以上のデータは暗澹たる状況を指し示すものである。しかし、小児溺水症例121例を対象としたNussbaumの研究では、疼痛刺激に反応せず、瞳孔は散大固定、自発呼吸なし、低血圧、循環不全といった昏睡状態であった51名に、前述のような強力な蘇生を行ったところ、19名(37%)は完全回復、14名(27%)に高度の脳障害が残り、18名(35%)が死亡した。転帰と関連があったのは、水没時間、平均頭蓋内圧および平均脳灌流圧であった。心強い報告ではあるが、脳障害の決定因子が、頭蓋内圧そのものではなく、虚血性傷害が及んだ時間の長さであるために、強力な治療が往々にして失敗に終わるという事実が浮き彫りにされている。脳の虚血性傷害の機序については、近頃レビューが発表された。

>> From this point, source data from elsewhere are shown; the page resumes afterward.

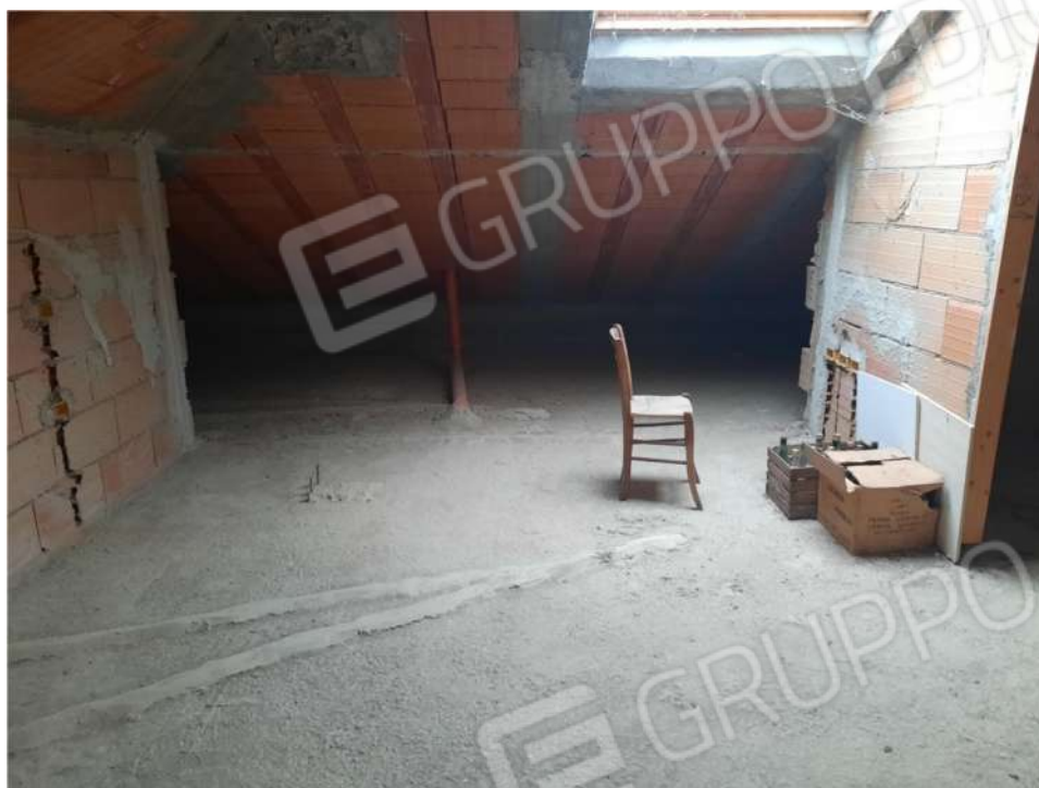
38 – P3- SOTTOTETTO (SUB.5) IN RISTRUTTURAZIONE
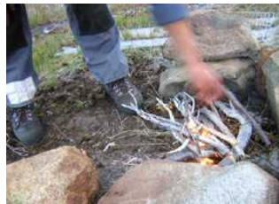
chaleur en plein air
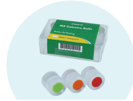
COLOSTROBALLS (Marca comercial)

Calostro a 20 °C al momento de la prueba
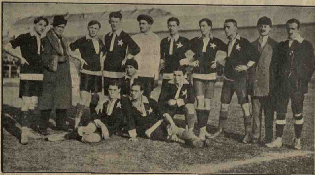
La rivelazione dell'annata: I giocatori casalesi, ottimi debuttanti nel Campionato di quest'anno, ancora domenica scorsa hanno avuto un bel successo facendo match pari col F. C. Torino.
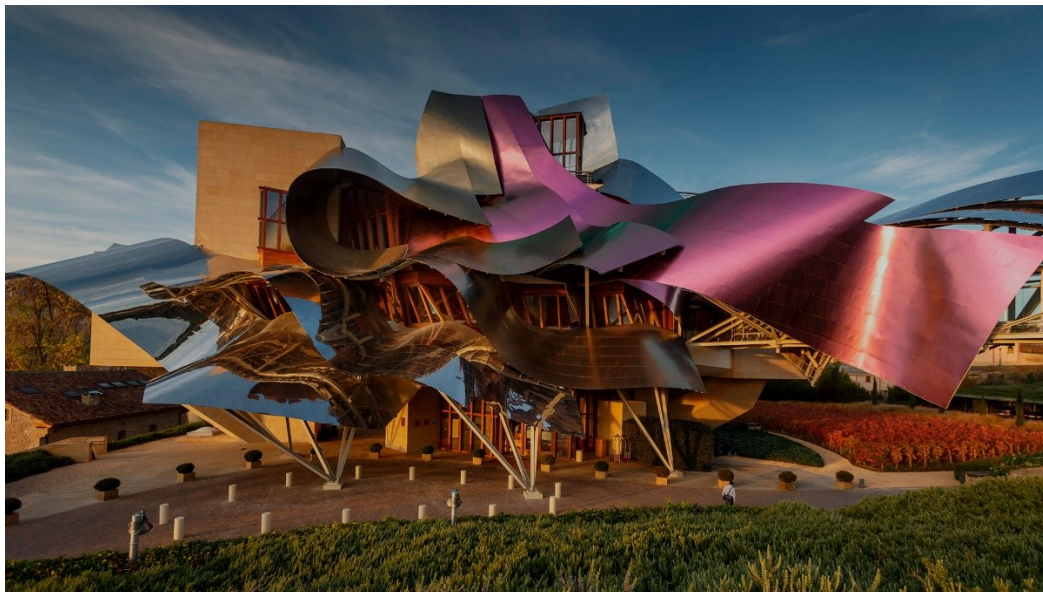
Slika 12. Eksterijer hotela Marques de Riscal

2002年の世界溺水会議における公開討論会で、溺水被害者に対する脳蘇生法が討議された。溺水被害者に対する具体的な治療法を支持する決定的な比較対照研究が行われていないのが現状ではあるが、以下のような総意が示された。「最優先すべきは自己心拍の再開である。また、核温and/or脳(鼓膜)温の持続監視を救急部および集中治療部で行わなければならない。体温の監視は、もし可能であれば病院到着前から行うべきである。溺水被害者の自己心拍が再開しても、依然として昏睡状態にある場合は、体温を32℃-34℃以上に積極的に復温してはならない。核温が34℃を超えるときは、速やかに体温を低下させ(32℃-34℃)、12~24時間はそれを維持する。急性期には高体温はいかなる場合においても避ける。薬物を用いた脳蘇生療法の有用性を裏付けるエビデンスは、現時点では不十分である。痙攣は適切に治療しなければならない。蘇生後および蘇生中のPaO2または酸素飽和度の具体的な目標値に関するエビデンスは十分には蓄積されていない。しかし、低酸素血症は避けなければならない。溺水被害者に対する脳蘇生療法の有効性を評価するには、さらに研究を重ねる必要がある。」 この勧告には、様々な原因による心停止症例に対する低体温療法に再び注目が集まっている状況が反映されている。

教訓 溺水患者では、高血糖と高体温を避けなければなりません。